### Extracted material
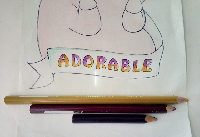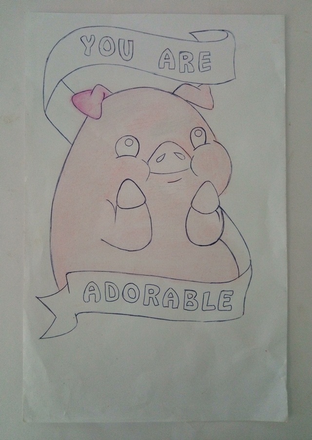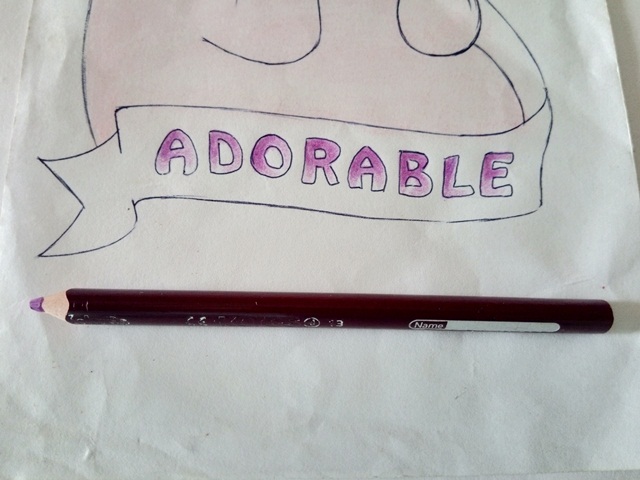 Paso 1. Primero con grafito realice el boceto del dibujo asegurándome que cada detalle quede de la manera en que quiero. Con un bolígrafo negro delineé todo el dibujo, espere que secara el boli y con cuidado de no arrugar la hoja borre todo el grafito. Después tome uno de mis creyones rosados pastel y rellene todo el dibujo, luego con un trapito de algodón difumine todo el creyón para que quedara liso, de esta manera:
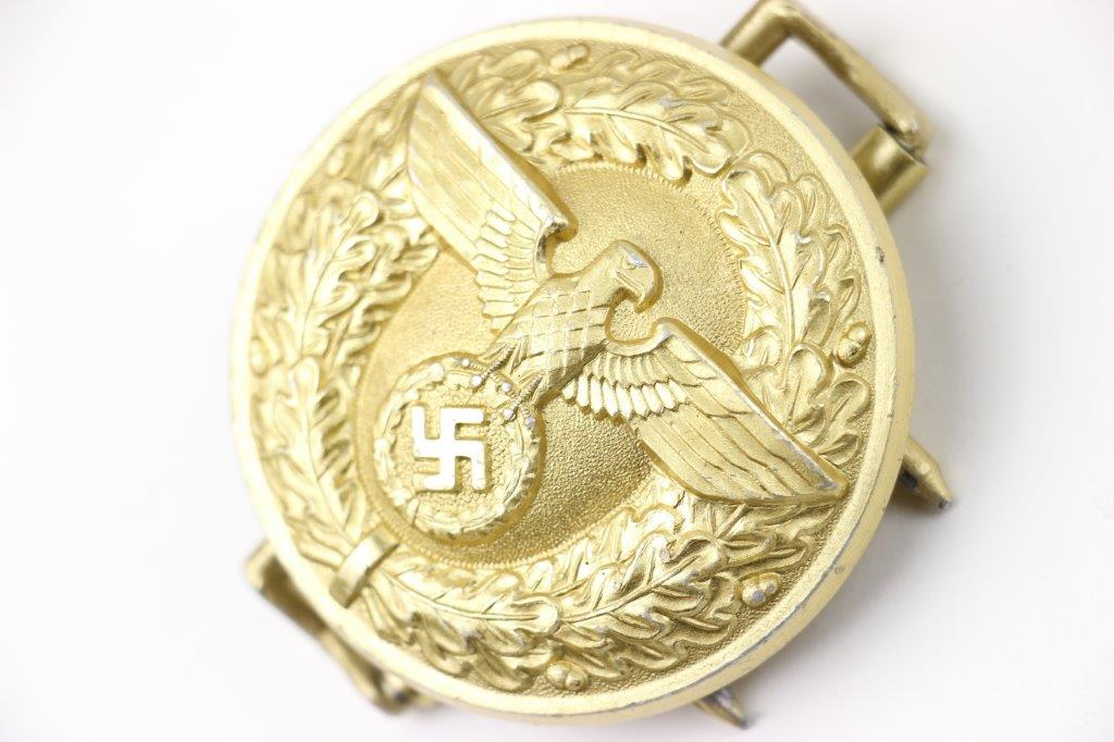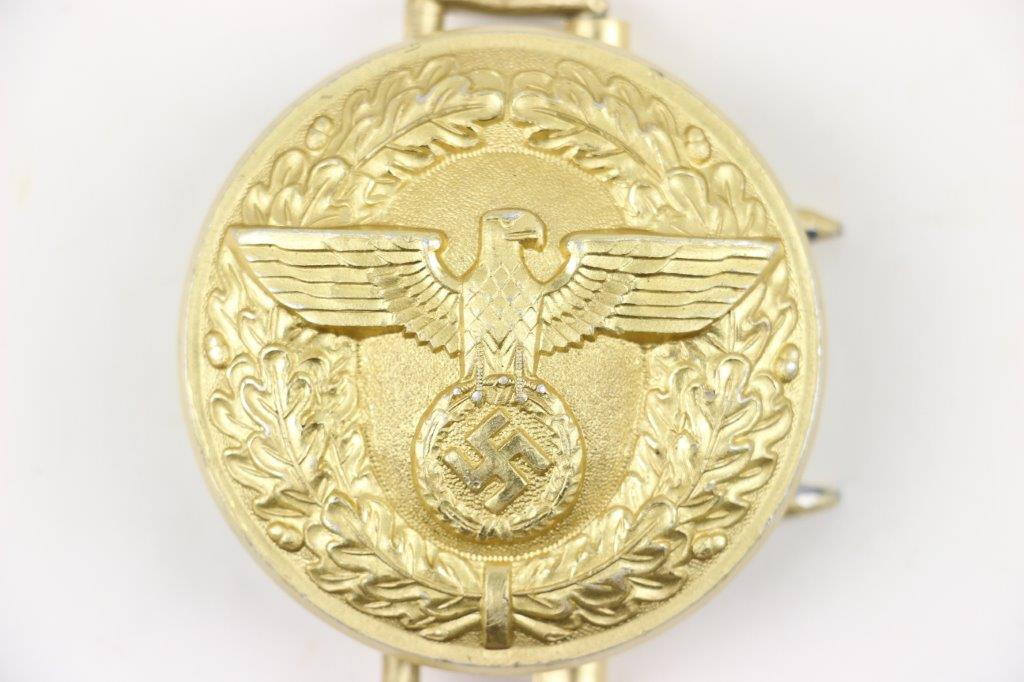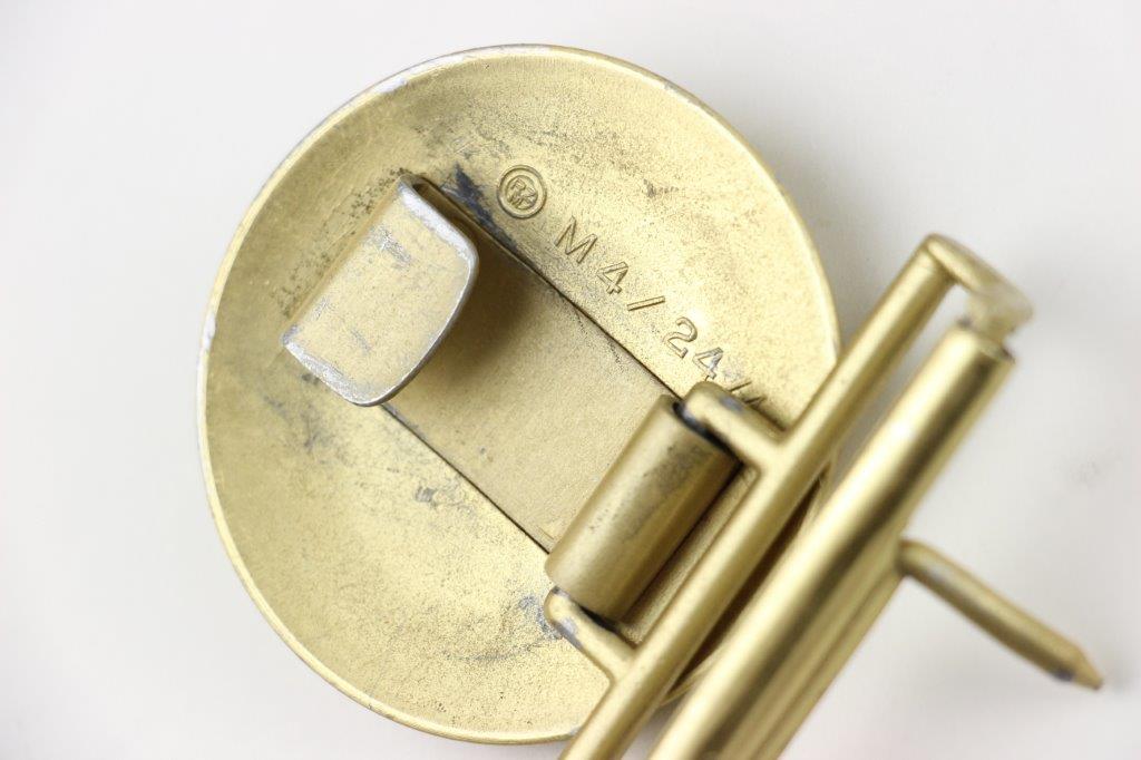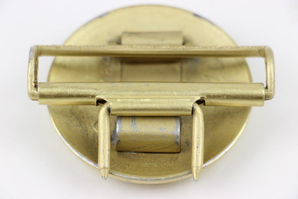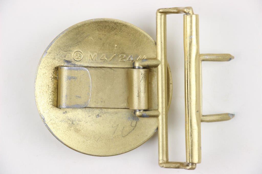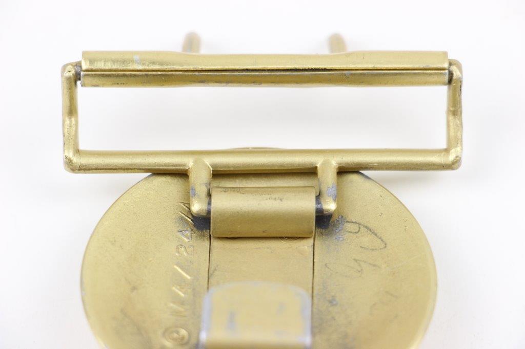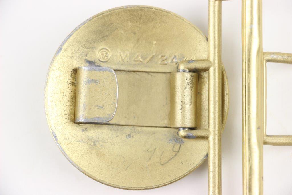 3/22/24 – This is an original WW2 German Party Leader belt buckle. The buckle is in near-excellent overall condition with most of the original gold gilded finish intact. There’s some light high-edge wear and natural patina but no major issues. Maker marked “RZM M7/24” for Reinhard Weyersberg.
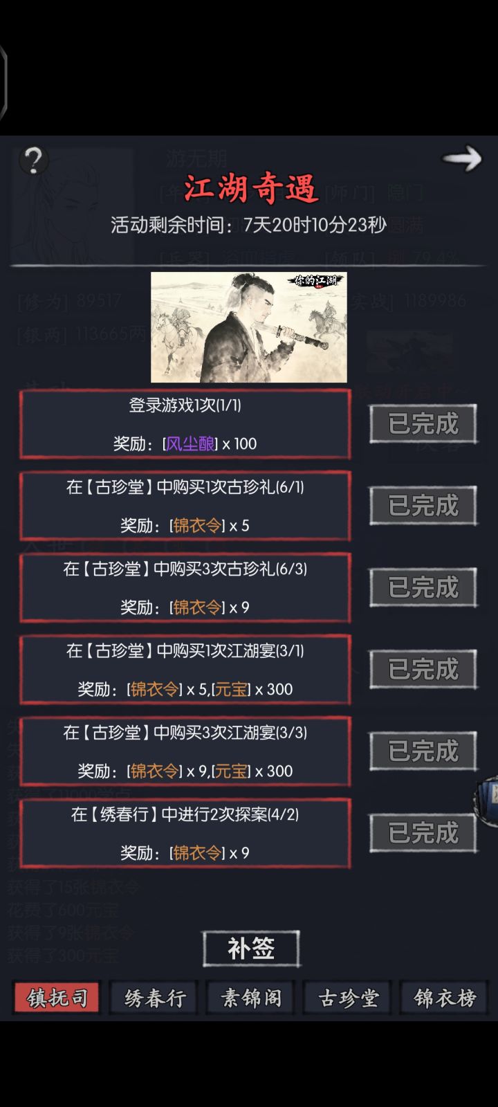 #丁修攻略 每天任务做完领补给,还可以补签塔奖励信物和令牌优先能掉落的先不用兑
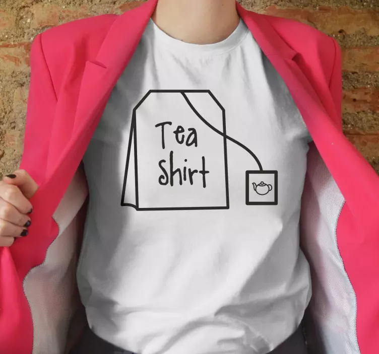 Referens: T4909Denna lekfulla design kombinerar ett kvickt koncept med en tepåse-illustration. Texten leker med orden och säger 'Tea shirt', vilket tilltalar teälskare. Den minimalistiska stilen och den monokroma paletten förstärker dess charm, vilket gör den till ett perfekt val för avslappnade utflykter eller speciella evenemang.
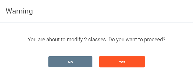 This will produce a warning with a count of the amount of classes which will be modified, press Yes to continue.

### How to complete this task
Each line of the data is to be duplicated exactly; pictures stay out of the copy.

### Response
 Paso 1. Primero con grafito realice el boceto del dibujo asegurándome que cada detalle quede de la manera en que quiero. Con un bolígrafo negro delineé todo el dibujo, espere que secara el boli y con cuidado de no arrugar la hoja borre todo el grafito. Después tome uno de mis creyones rosados pastel y rellene todo el dibujo, luego con un trapito de algodón difumine todo el creyón para que quedara liso, de esta manera:
 3/22/24 – This is an original WW2 German Party Leader belt buckle. The buckle is in near-excellent overall condition with most of the original gold gilded finish intact. There’s some light high-edge wear and natural patina but no major issues. Maker marked “RZM M7/24” for Reinhard Weyersberg.
 #丁修攻略 每天任务做完领补给,还可以补签塔奖励信物和令牌优先能掉落的先不用兑
 Referens: T4909Denna lekfulla design kombinerar ett kvickt koncept med en tepåse-illustration. Texten leker med orden och säger 'Tea shirt', vilket tilltalar teälskare. Den minimalistiska stilen och den monokroma paletten förstärker dess charm, vilket gör den till ett perfekt val för avslappnade utflykter eller speciella evenemang.
 This will produce a warning with a count of the amount of classes which will be modified, press Yes to continue.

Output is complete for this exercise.